By Howard Mandel for The Wire Issue #121 (Mar 94):
On the streets and in the subways of New York, the spirit of black free jazz lives on in the music of a few true believers – musicians like Charles Gayle; homeless, neglected but still burning with the passion to be free. By Howard Mandel.Read the rest about the great Buffalo-bred saxophonist here.
“Let’s do the interview at your place,” suggests Charles Gayle, reigning king of New York City’s black free jazz players. “Because the heat at my place is not really happening.” The January weather has been severe in NYC and Gayle, aged 54 but still tall, lean and muscular, lives as he has for four years in an unrenovated East Village squat.
It seems that free jazz in New York is nearly homeless, certainly at the culture’s farthest fringe. Though physically vigorous, the nominally non-commercial, sometimes politically engaged, sometimes rhetorically self-righteous, sometimes fatally self-absorbed music that erupted from Albert Ayler, John Coltrane, Ornette Coleman, Cecil Taylor, Sun Ra and their many associates three decades ago has just a few devotees who earn about as much money and respect as street people.
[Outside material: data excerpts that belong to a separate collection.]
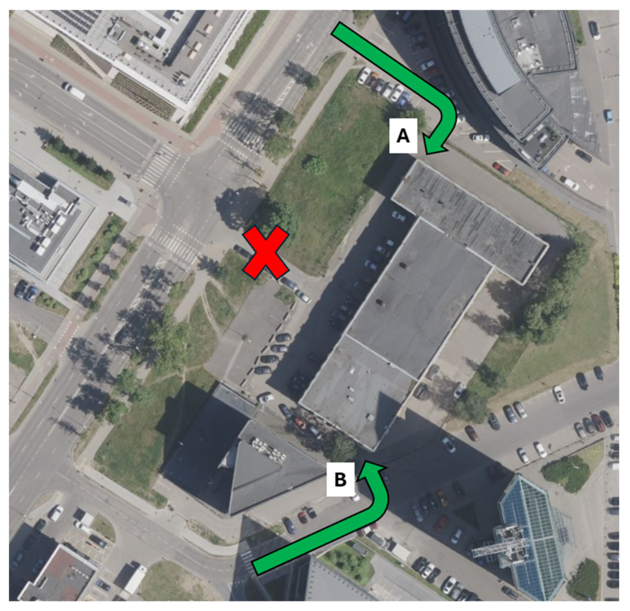 31] indicated that the accident occurred when a vehicle turned right and the pedestrian was already on the crosswalk. Since it was unclear how far into the street the pedestrian had already entered, it was feasible that the accident occurred right after the first step. There are only two possible right turns intersecting crosswalks at Saltoniškių Street: towards Pieninės Street and into the driveway. Regarding the right turn towards Pieninės Street, no potential obstacles are blocking the view for vehicles. However, for right-turn movements into the driveway, a tree located approximately 10 m before the midpoint of the crosswalk may partially obstruct drivers’ visibility. Nonetheless, this traffic accident stresses the necessity to minimize or potentially eliminate the point of conflict between vehicles turning right and pedestrians/micromobility users using the crosswalk.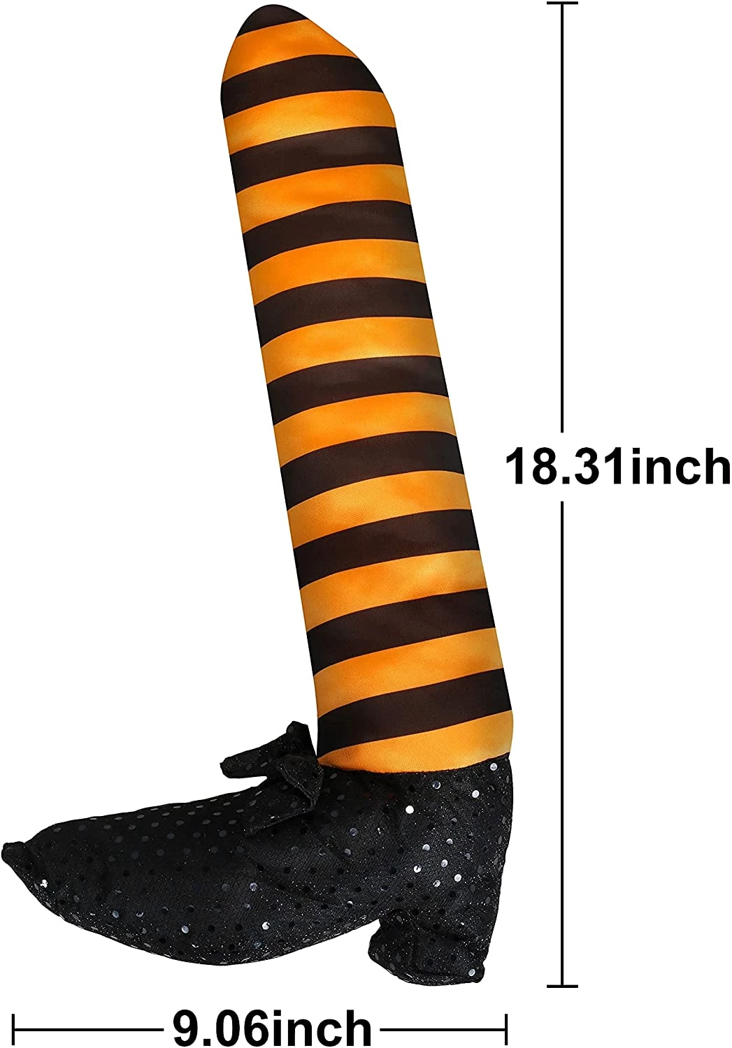 - Our Halloween decoration includes a pair of witch legs in 19.5x 9inch. Get your friends and family into the Halloween spirit with adorable home accents like these whimsical legs.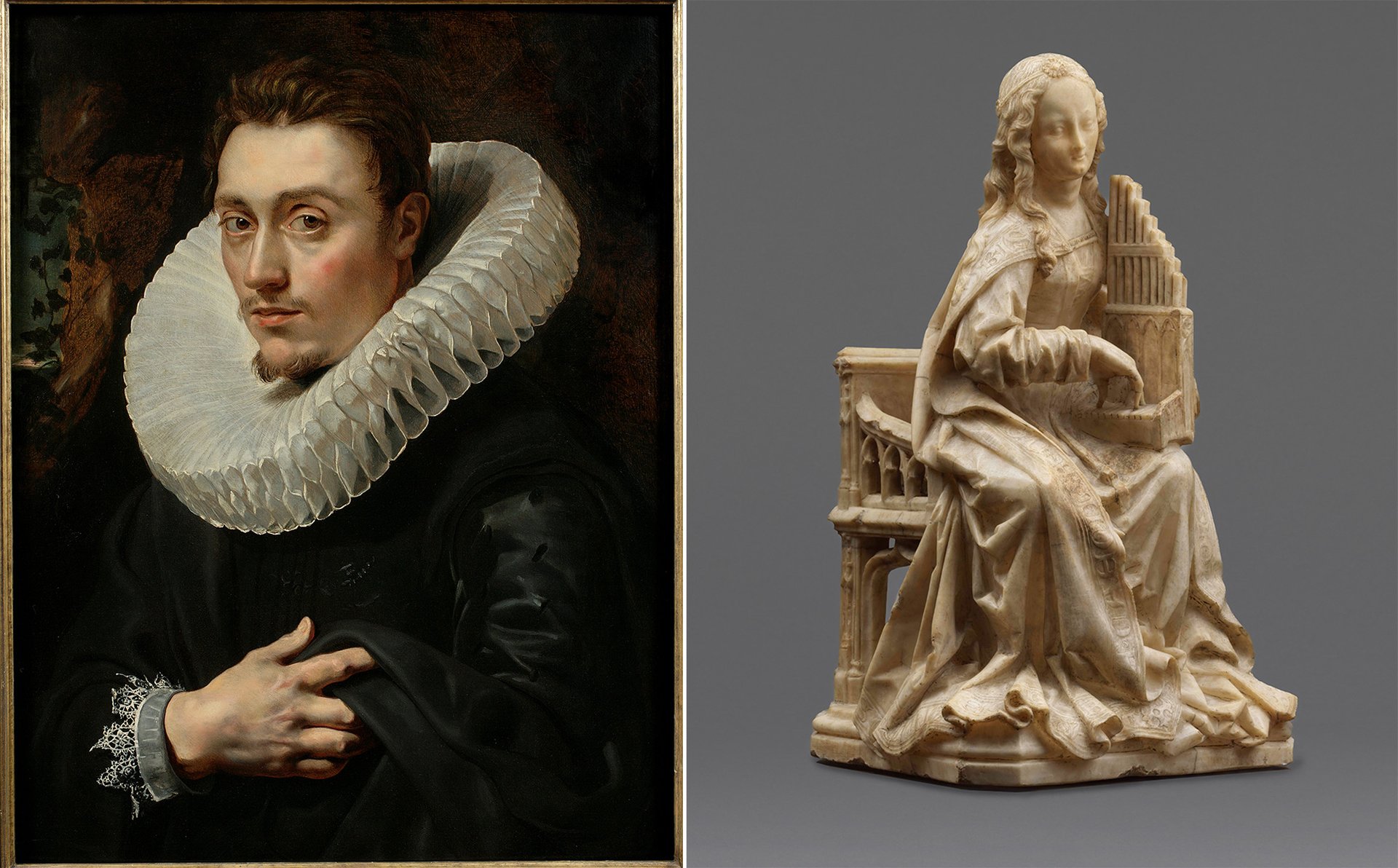 Works gifted to the Clark Art Institute by the Aso O. Tavitian Foundation include (at left) Peter Paul Rubens's Portrait of Young Man (around 1613-15) and (at right) Gil de Siloé's Saint Cecilia (around 1500) Both images courtesy the Clark Art Institute, Williamstown, Massachusetts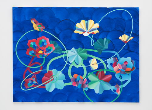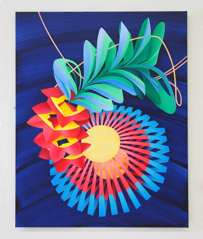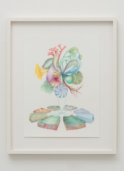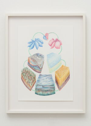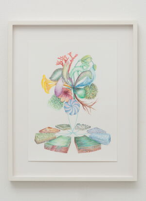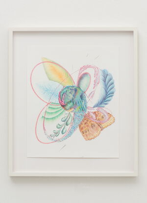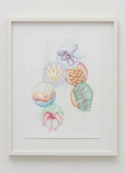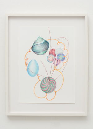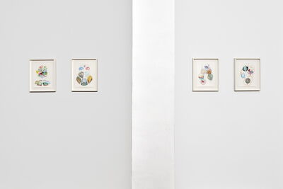 The single elements are a build-up of several leaf-like forms, which are mostly arranged around a centre, an origin. In some of the paintings, they get linked by different line patterns, which can be seen as diverse circuits or interconnections that link living beings to all life on earth. The works also address growth, movement, and reproduction as specific characteristics of life. These are particularly represented through the recombination, repetition, and linking of different elements.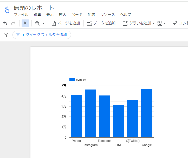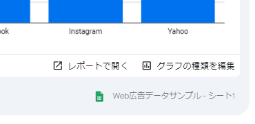 続いて「レポートで開く」をクリックすると、別ウィンドウでLookerStudioのレポート画面が開いて、同じグラフが出力されました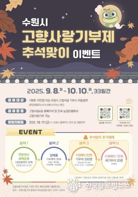 (한국글로벌뉴스 - 박소연 기자) 수원시는 8일부터 10월 10일까지 33일간 ‘수원시 고향사랑기부제, 추석맞이 감사이벤트’를 연다.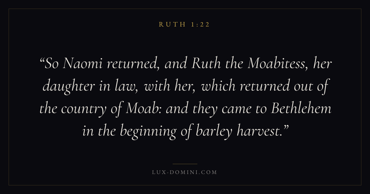 So Naomi returned, and Ruth the Moabitess, her daughter in law, with her, which returned out of the country of Moab: and they came to Bethlehem in the beginning of barley harvest.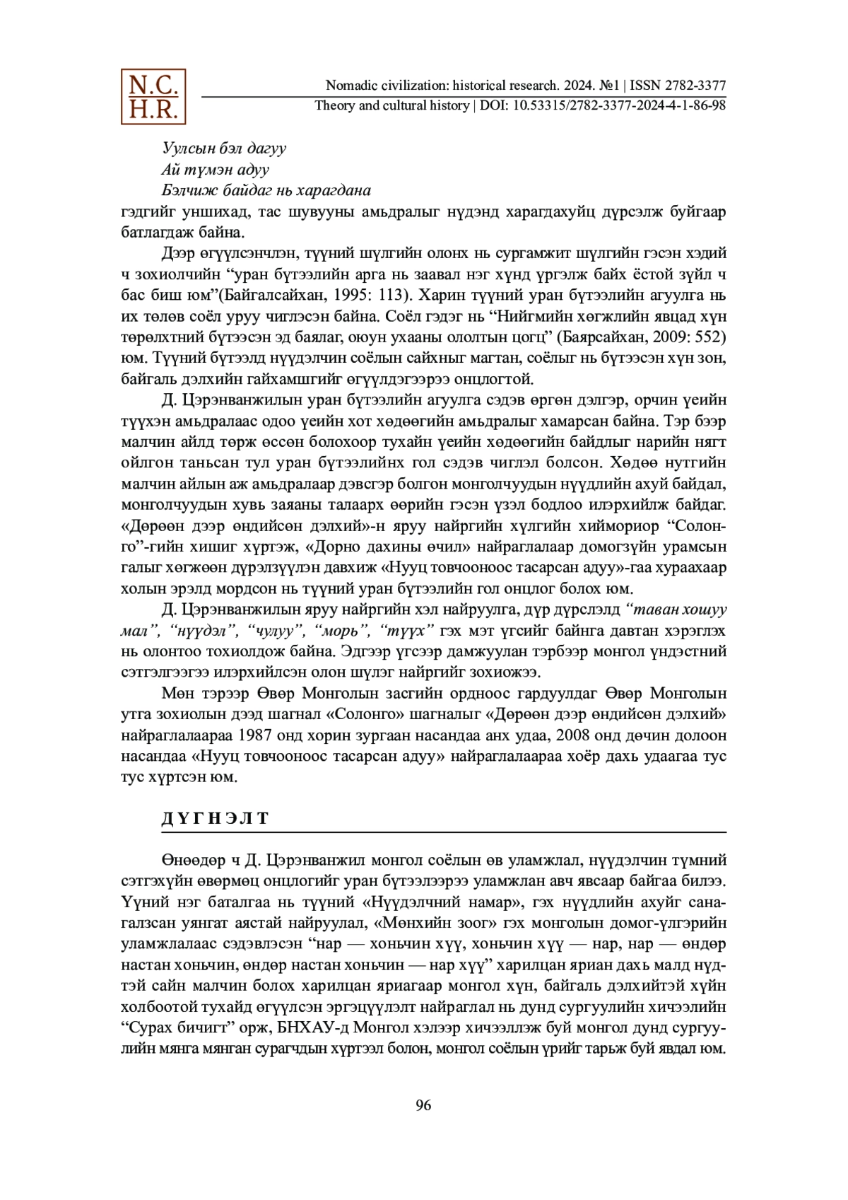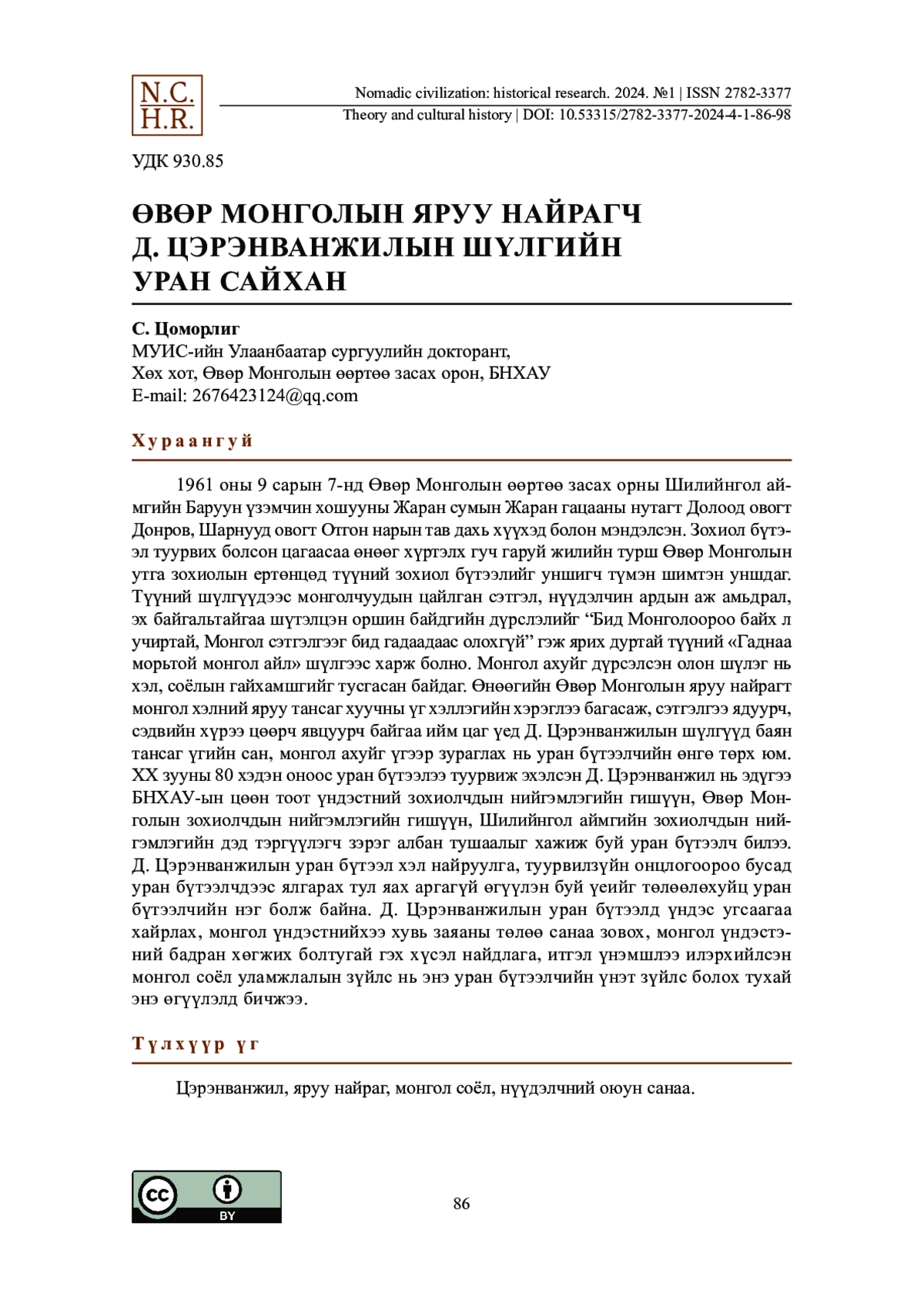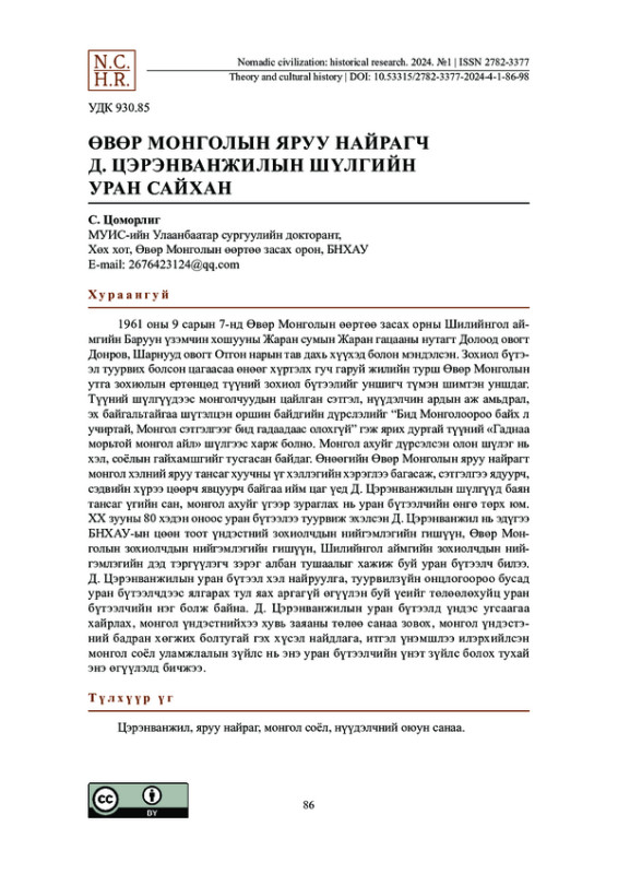 1961 оны 9 сарын 7-нд Өвөр Монголын өөртөө засах орны Шилийнгол аймгийн Баруун үзэмчин хошууны Жаран сумын Жаран гацааны нутагт Долоод овогт Донров, Шарнууд овогт Отгон нарын тав дахь хүүхэд болон мэндэлсэн. Зохиол бүтээл туурвих болсон цагаасаа өнөөг хүртэлх гуч гаруй жилийн турш Өвөр Монголын утга зохиолын ертөнцөд түүний зохиол бүтээлийг уншигч түмэн шимтэн уншдаг. Түүний шүлгүүдээс монголчуудын цайлган сэтгэл, нүүдэлчин ардын аж амьдрал, эх байгальтайгаа шүтэлцэн оршин байдгийн дүрслэлийг “Бид Монголоороо байх л учиртай, Монгол сэтгэлгээг бид гадаадаас олохгүй” гэж ярих дуртай түүний «Гаднаа морьтой монгол айл» шүлгээс харж болно. Монгол ахуйг дүрсэлсэн олон шүлэг нь хэл, соёлын гайхамшгийг тусгасан байдаг. Өнөөгийн Өвөр Монголын яруу найрагт монгол хэлний яруу тансаг хуучны үг хэллэгийн хэрэглээ багасаж, сэтгэлгээ ядуурч, сэдвийн хүрээ цөөрч явцуурч байгаа ийм цаг үед Д. Цэрэнванжилын шүлгүүд баян тансаг үгийн сан, монгол ахуйг үгээр зураглах нь уран бүтээлчийн өнгө төрх юм. ХХ зууны 80 хэдэн оноос уран бүтээлээ туурвиж эхэлсэн Д. Цэрэнванжил нь эдүгээ БНХАУ-ын цөөн тоот үндэстний зохиолчдын нийгэмлэгийн гишүүн, Өвөр Монголын зохиолчдын нийгэмлэгийн гишүүн, Шилийнгол аймгийн зохиолчдын нийгэмлэгийн дэд тэргүүлэгч зэрэг албан тушаалыг хажиж буй уран бүтээлч билээ. Д. Цэрэнванжилын уран бүтээл хэл найруулга, туурвилзүйн онцлогоороо бусад уран бүтээлчдээс ялгарах тул яах аргагүй өгүүлэн буй үеийг төлөөлөхуйц уран бүтээлчийн нэг болж байна. Д. Цэрэнванжилын уран бүтээлд үндэс угсаагаа хайрлах, монгол үндэстнийхээ хувь заяаны төлөө санаа зовох, монгол үндэстэний бадран хөгжих болтугай гэх хүсэл найдлага, итгэл үнэмшлээ илэрхийлсэн монгол соёл уламжлалын зүйлс нь энэ уран бүтээлчийн үнэт зүйлс болох тухай энэ өгүүлэлд бичжээ.

Nonetheless, tenor saxophonists such as Gayle, David S Ware and Zane Massey, pianist Matt Shipp, bassist William Parker, drummer William Hooker, and a score or two of others persevere.
Free jazz is shunned and/or scorned by music mags, record labels, the latest wave of so-called mainstream players, influential critics, academics and presenting institutions. It is characteristically loud, dissonant, anarchic and confrontational, though free jazz players claim, as they always have, spiritual catharsis if not transcendence as their aim. The style’s superficial chaos, its apparent lack of differentiation, resembles, more than anything, the helter-skelter interactions of urban life. Well, what grows in the City takes on protective colouration. Most New Yorkers probably see and hear no more in free jazz than they do in weeds.